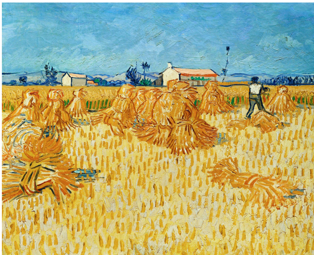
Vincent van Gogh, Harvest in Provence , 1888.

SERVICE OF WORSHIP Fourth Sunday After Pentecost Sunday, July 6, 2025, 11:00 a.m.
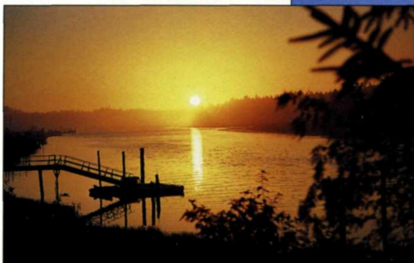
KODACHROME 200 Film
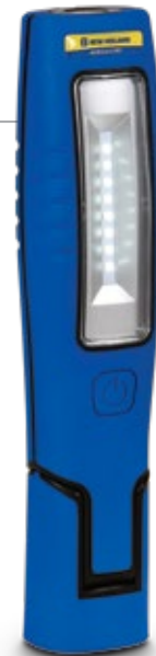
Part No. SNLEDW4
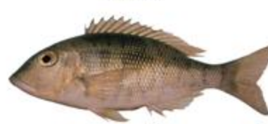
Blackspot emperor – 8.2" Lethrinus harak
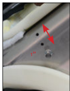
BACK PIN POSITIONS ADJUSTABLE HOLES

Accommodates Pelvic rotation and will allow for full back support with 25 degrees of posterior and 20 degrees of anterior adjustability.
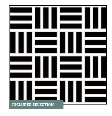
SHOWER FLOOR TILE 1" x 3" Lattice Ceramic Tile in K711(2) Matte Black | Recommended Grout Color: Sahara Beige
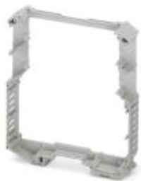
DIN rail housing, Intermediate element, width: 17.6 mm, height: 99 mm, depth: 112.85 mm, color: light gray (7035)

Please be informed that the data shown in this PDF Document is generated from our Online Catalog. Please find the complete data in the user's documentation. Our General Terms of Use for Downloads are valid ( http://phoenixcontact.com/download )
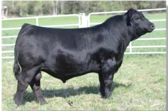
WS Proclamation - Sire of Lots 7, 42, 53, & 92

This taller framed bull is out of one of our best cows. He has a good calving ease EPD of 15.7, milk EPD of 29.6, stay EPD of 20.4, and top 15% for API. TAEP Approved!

» Work to be completed
Your output should be the lines from the one with "Part No. SNLEDW4" through the end of the listing, copied exactly and with the pictures left out.

» Your solution
Part No. SNLEDW4
Blackspot emperor – 8.2" Lethrinus harak
BACK PIN POSITIONS ADJUSTABLE HOLES

Accommodates Pelvic rotation and will allow for full back support with 25 degrees of posterior and 20 degrees of anterior adjustability.
SHOWER FLOOR TILE 1" x 3" Lattice Ceramic Tile in K711(2) Matte Black | Recommended Grout Color: Sahara Beige
DIN rail housing, Intermediate element, width: 17.6 mm, height: 99 mm, depth: 112.85 mm, color: light gray (7035)

Please be informed that the data shown in this PDF Document is generated from our Online Catalog. Please find the complete data in the user's documentation. Our General Terms of Use for Downloads are valid ( http://phoenixcontact.com/download )
WS Proclamation - Sire of Lots 7, 42, 53, & 92

This taller framed bull is out of one of our best cows. He has a good calving ease EPD of 15.7, milk EPD of 29.6, stay EPD of 20.4, and top 15% for API. TAEP Approved!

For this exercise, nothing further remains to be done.